“Nonostante tutto, a Rafah volano ancora gli aquiloni, mentre le bombe cadono dal cielo e le cicatrici del cuore si fondono con quelle sulla pelle. […] Un uomo per settimane ha costruito stampelle di legno per dare un aiuto alla propria gente: c’è ancora tanta unione e compassione tra queste persone accomunate dallo stesso dolore intergenerazionale, dagli stessi traumi e dalla medesima resilienza”, quella resilienza che i palestinesi dimostrano erigendo le loro tende su cumuli di macerie, laddove fino a un anno e mezzo fa sorgevano le loro case.
Con queste parole, nella mattina di mercoledì 19 marzo, Martina Marchiò – infermiera di Medici Senza Frontiere che ha operato come coordinatrice dei soccorsi tra Rafah e la zona centrale della striscia di Gaza nei mesi di aprile e maggio 2024 – ha incontrato le classi quinte della sede di Cuorgnè. Come aveva promesso ai suoi colleghi palestinesi prima di ripartire, ha narrato la sua esperienza nel libro Brucia anche l’umanità, per Infinito Edizioni, che alcuni studenti hanno avuto il desiderio di leggere nelle settimane precedenti l’incontro.
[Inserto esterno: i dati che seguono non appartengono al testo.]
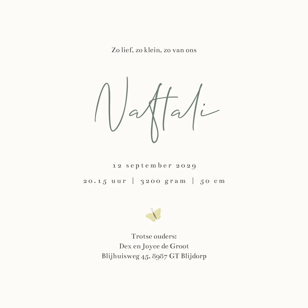 Lief unisex geboortekaartje met schaapjes en bloemetjes. Op dit nude geboortekaartje zie je een illustratie van twee schapen met een lammetje. Dit rustige geboortekaartje Naftali is zowel geschikt voor een jongen als meisje en kun je naar eigen smaak aanpassen in de editor. Hulp nodig? We helpen graag!
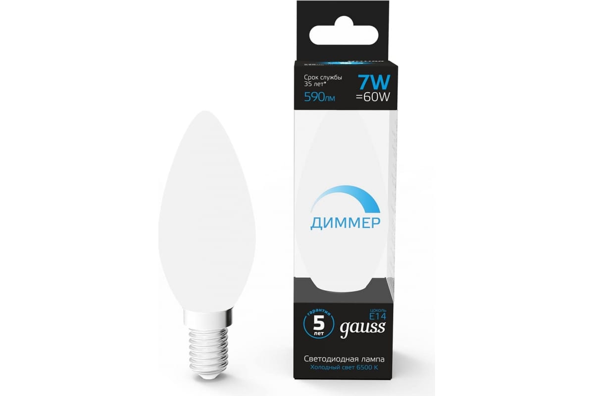 Диммируемая лампа Gauss Свеча 7W 590lm 6500К E14 LED 1/10/100 103101307-D - надежный источник освещения высокого качества.
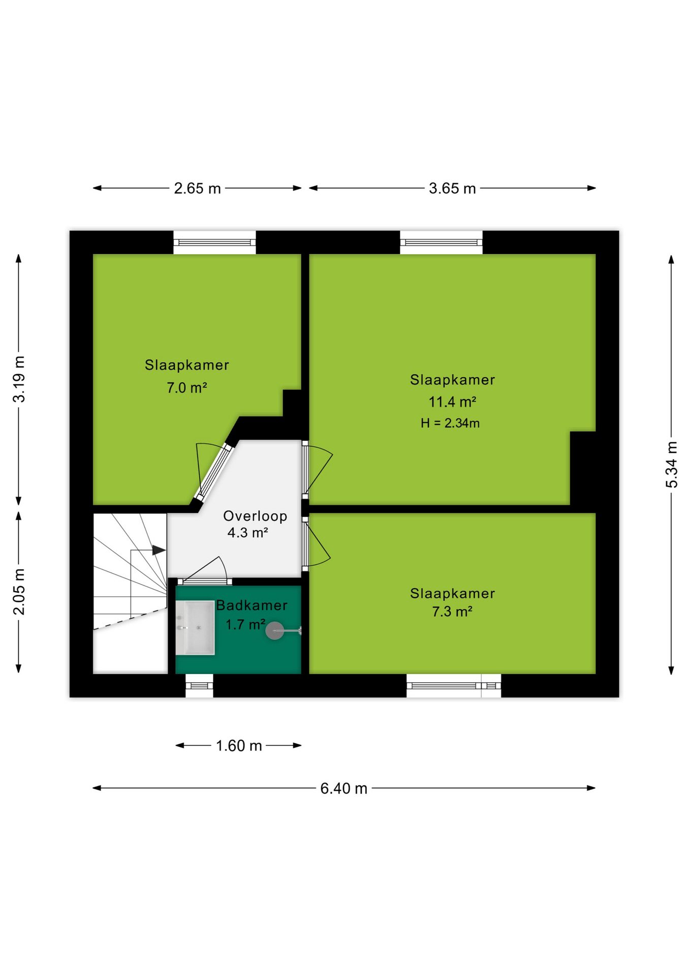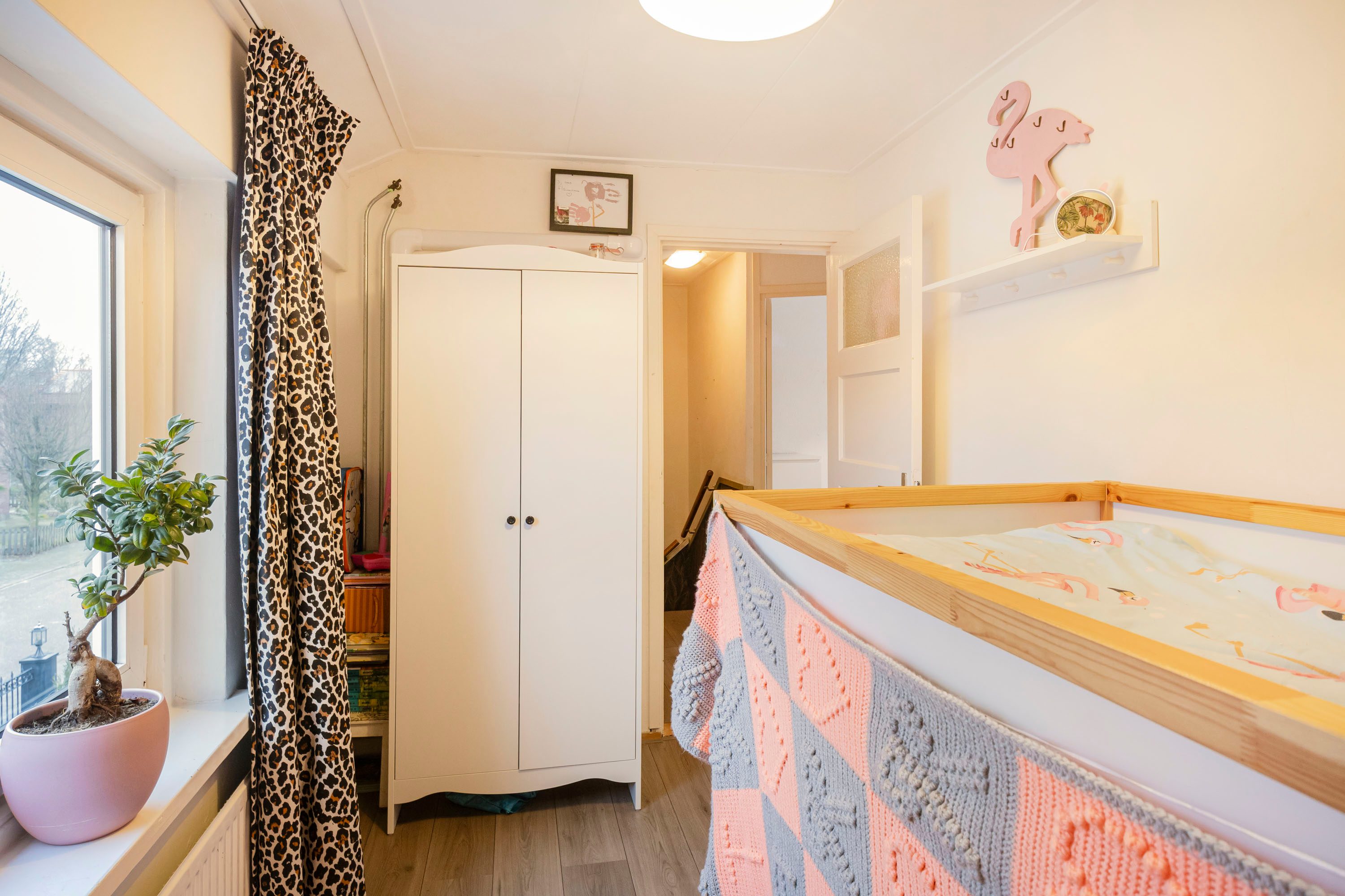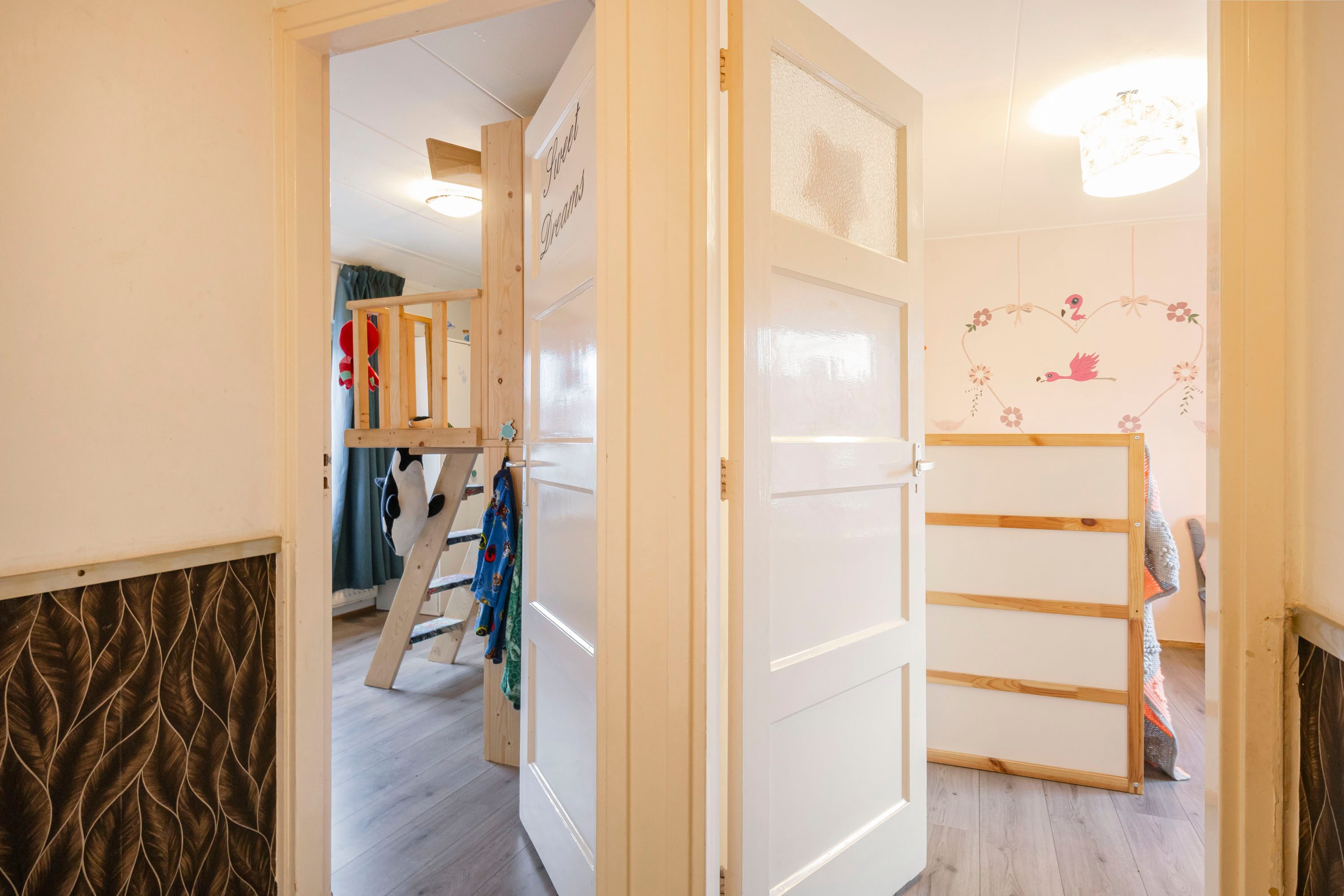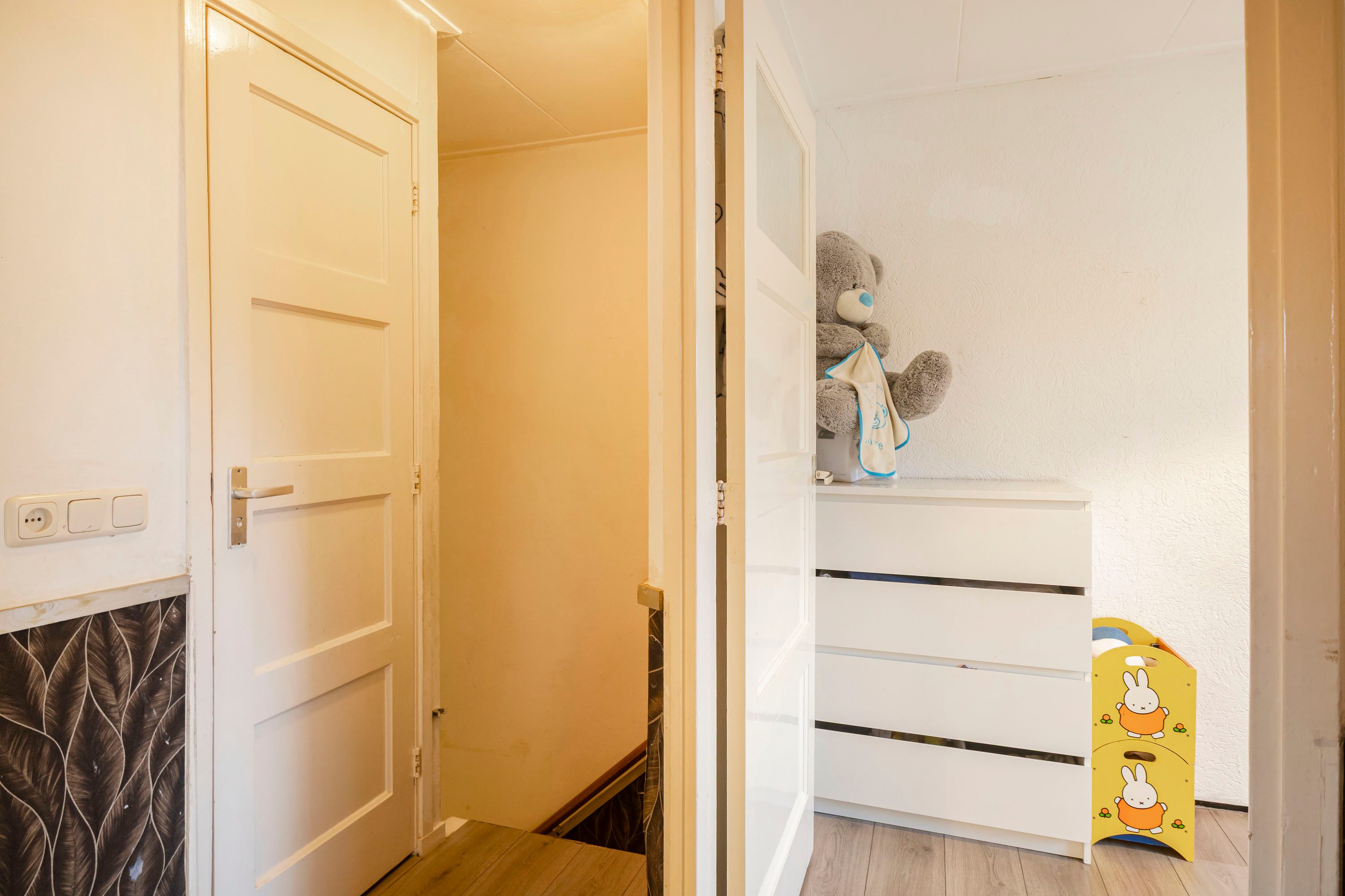 Op de eerste verdieping bevinden zich drie slaapkamers, waarvan één kamer van circa 12 m² en twee kamers van circa 7 m². De kamers zijn praktisch in te delen en geschikt als slaapkamer, werk- of hobbyruimte.
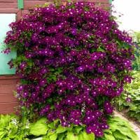 Тогда без помощи клематиса Варшавска Никэ вам точно не обойтись! Как только зацветает эта лиана, зеленые листья становятся практически не видны. На первый план выходят огромные бутоны, диаметр которых достигает 17 см. Темные пурпурно-фиолетовые краски лепестков отлично дополняют золотистые тычинки.
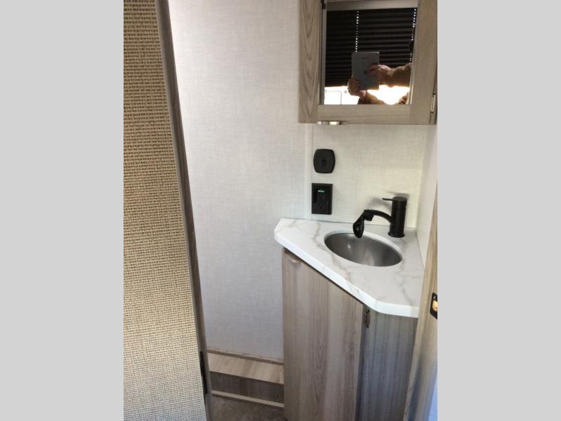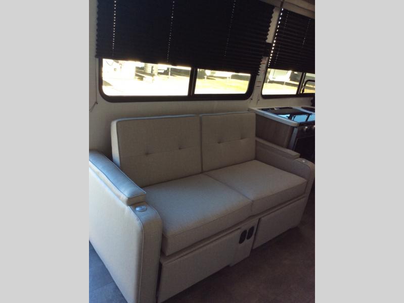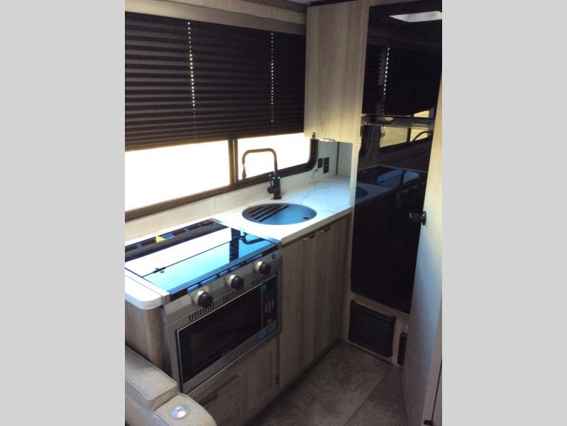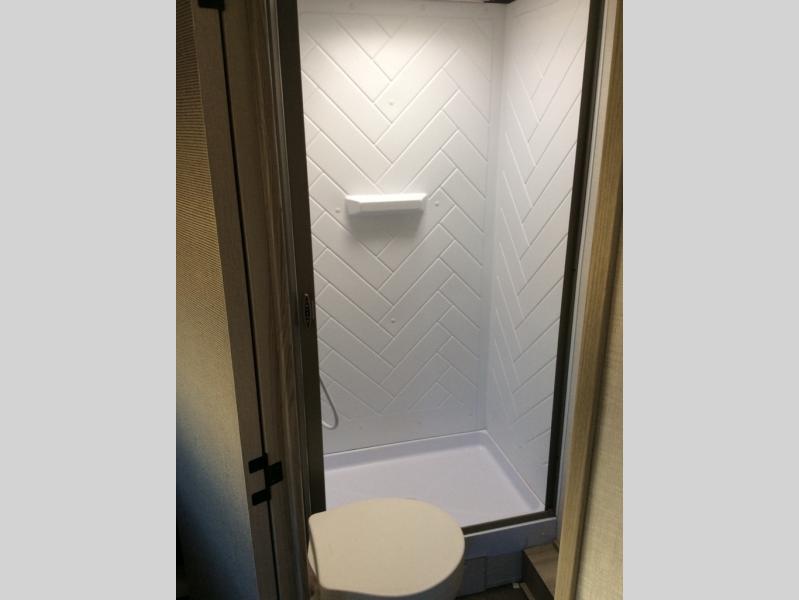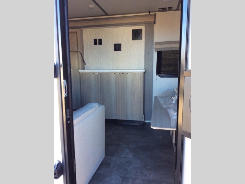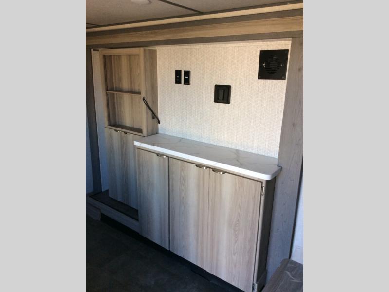 Perfect for your family, this single slide with split bunk and queen bed provides your family comfortable sleeping for four, and the slide adds a bit more interior space in camp. The split bunk is located behind the spice rack door and TV for your entertainment and cooking needs. Speaking of cooking, you can prepare your best home cooked meals with the cooktop, and store any leftovers in the dual swinging 12V refrigerator. Relax each night in the theater seating and freshen up in the rear corner bathroom each morning which features a skylight over the shower for more natural lighting.
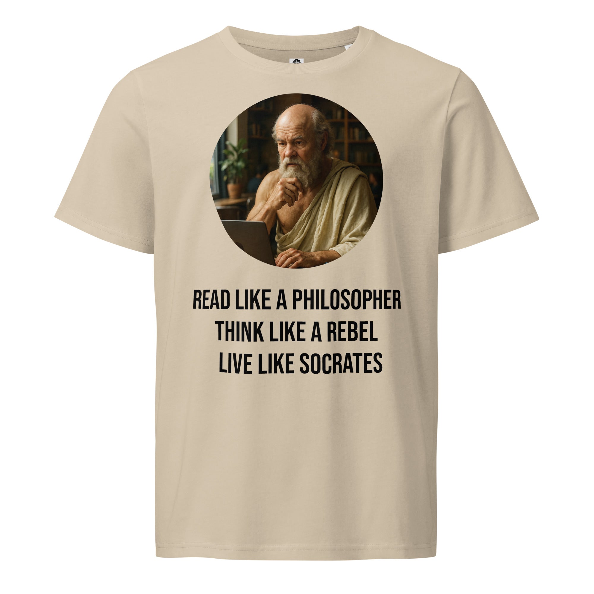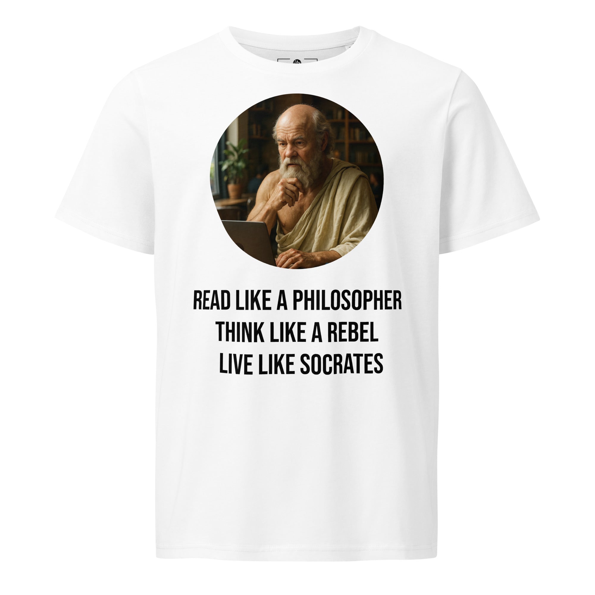 This organic T-shirt carries the fearless spirit of Socrates: calm, ironic, and endlessly curious.
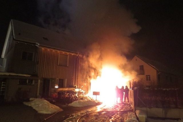 Das Feuer brach in einem ans Haus angebauten Autounterstand aus. Obwohl die Feuerwehr rasch zur Stelle war, konnten die Flammen auf die hölzerne Hausfassade und den ganzen Hausteil übergreifen. Es gelang jedoch, eine Ausbreitung des Feuers auf den anderen Hausteil zu verhindern.
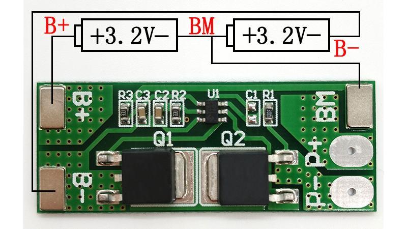 Плата захисту акумулятора LiFePo 6.4V 2S 10A.
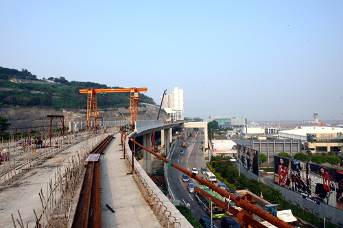 [香港商报讯]记者陆绍龙报道:近日,记者从中国交建旗下的中国港湾和中交四航局承建的澳门轻轨C370轻轨标段项目部获悉,连接珠海横琴和广州的广珠城际轻轨澳门轻轨C370标段年底桥面全线接通,中国交建以央企的履约精神在澳门的轻轨建设中起到表率带头作用。

Dopo una breve sintesi degli eventi storici che hanno portato all’attuale situazione nella striscia, Martina ha rotto il ghiaccio con i ragazzi con un esercizio interattivo per richiamare l’attenzione sulle principali norme internazionali a tutela dei civili in zone di guerra e la loro ripetuta violazione nella realtà di Gaza.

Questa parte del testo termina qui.